A revelação desta semana de que inspetores da Agência Internacional de Energia Atômica encontraram várias toneladas de material nuclear não declarado dentro da Síria, e a resolução de um impasse secreto de meses entre Israel, os Estados Unidos e Damasco sobre um segundo estoque em um local conhecido como “Sítio 99”, marcam o ressurgimento exatamente do tipo de ameaça não convencional que Israel passou quase duas décadas tentando garantir que nunca mais se instalasse em sua fronteira, desta vez sob um líder cujas credenciais para governar o país que a detém permanecem, na melhor das hipóteses, recém-lavadas.

O diretor-geral da AIEA, Rafael Grossi, disse a jornalistas em Damasco esta semana que inspetores encontraram “algumas toneladas de material nuclear que poderiam ser mal utilizadas” em um local não divulgado que data da era Assad, o qual o governo de transição da Síria relatou voluntariamente à agência em 17 de julho. O ministro das Relações Exteriores da Síria, Asaad al-Shaibani, afirmou que o material, várias toneladas de urânio natural metálico juntamente com quantidades de grafite, permanecerá sob custódia síria sob as salvaguardas da AIEA, em vez de ser removido do país, e reiterou o “direito soberano e legal” da Síria de prosseguir com um programa nuclear pacífico. Al-Shaibani não mencionou a possibilidade de remoção do material em nenhum momento de suas declarações. Separadamente, o Axios noticiou que os Estados Unidos, Israel e a Síria chegaram a um acordo discreto para lidar com material nuclear, incluindo concentrado de urânio (yellowcake), que Israel afirma ter sido armazenado pelo regime de Assad no “Sítio 99”. Segundo autoridades, esse material não pode ser usado como combustível para uma arma nuclear, mas poderia ser utilizado em um dispositivo de dispersão radiológica, a chamada bomba suja. Segundo relatos, as forças israelenses bombardearam as entradas do local logo após a queda de Assad para bloquear o acesso, e autoridades israelenses disseram ao Axios que ameaçaram realizar novos ataques e ficaram preocupadas com a possibilidade de a Turquia estar ajudando o novo governo sírio a obter o material, antes que Washington acionasse a AIEA para intermediar uma solução. Até esta semana, esse material também não havia sido removido do país, de acordo com autoridades americanas.

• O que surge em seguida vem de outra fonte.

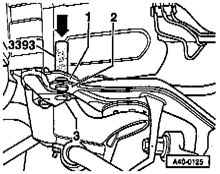 - Reinstall brake line holder. Reinstall hex bolt - 2 - and tighten.
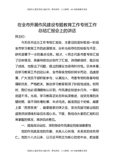 在全市开展作风建设专题教育工作专班工作总结汇报会上的讲话.docx
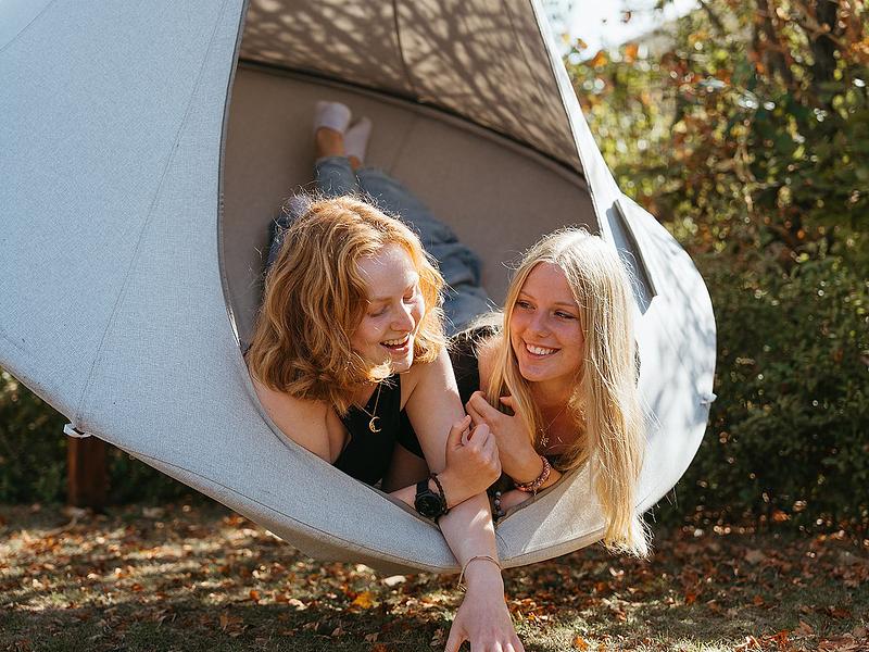 • In de Fonkeltuin is het fijn vertoeven met plekjes om gemoedelijk samen te zijn en er zijn hangmatten voor rustmomenten
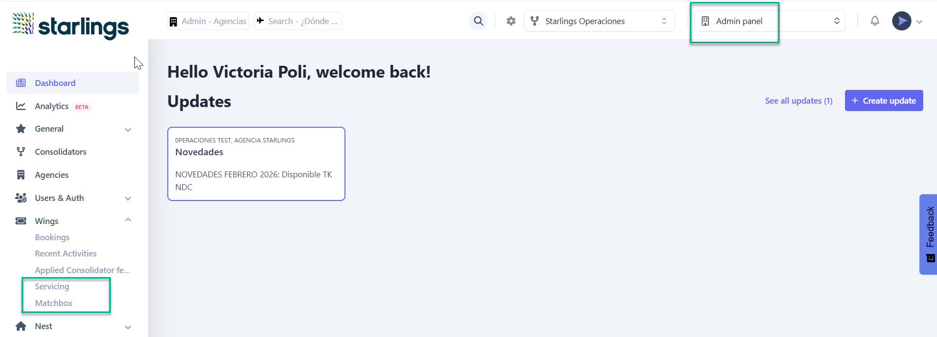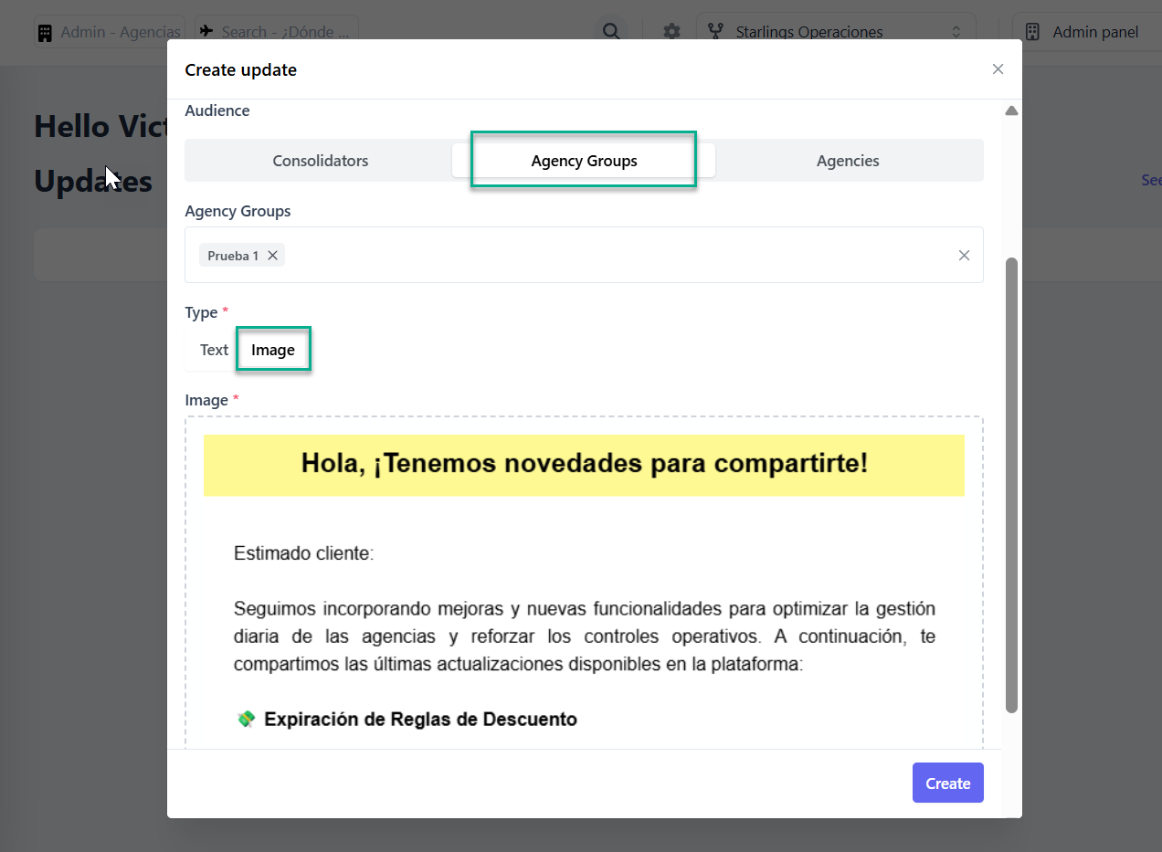 Hemos mejorado el centro de novedades (Updates) de Starlings, incorporando nuevas funcionalidades que permiten optimizar la comunicación con las agencias.

Para Israel, as revelações reabrem um arquivo que o país acreditava ter encerrado à força há quase duas décadas. As ambições nucleares clandestinas da Síria tornaram-se públicas quando aviões israelenses destruíram um reator em construção em Al-Kibar, na província de Deir ez-Zor, em 6 de setembro de 2007, em um ataque que Israel se recusou a reconhecer até 2018. A AIEA concluiu posteriormente que a instalação era muito provavelmente um reator nuclear construído com assistência da Coreia do Norte, inspirado no reator de Yongbyon, de Pyongyang. A Síria demoliu o local e nunca respondeu completamente às perguntas da agência sobre o assunto. A visita de Grossi esta semana a Deir ez-Zor, onde ele afirmou que “um trabalho muito abrangente de escavação e exploração está sendo realizado agora”, é a confirmação mais clara até o momento de que a avaliação de 2007 estava correta e um lembrete de que material desse programa permaneceu enterrado e sem contabilização até agora.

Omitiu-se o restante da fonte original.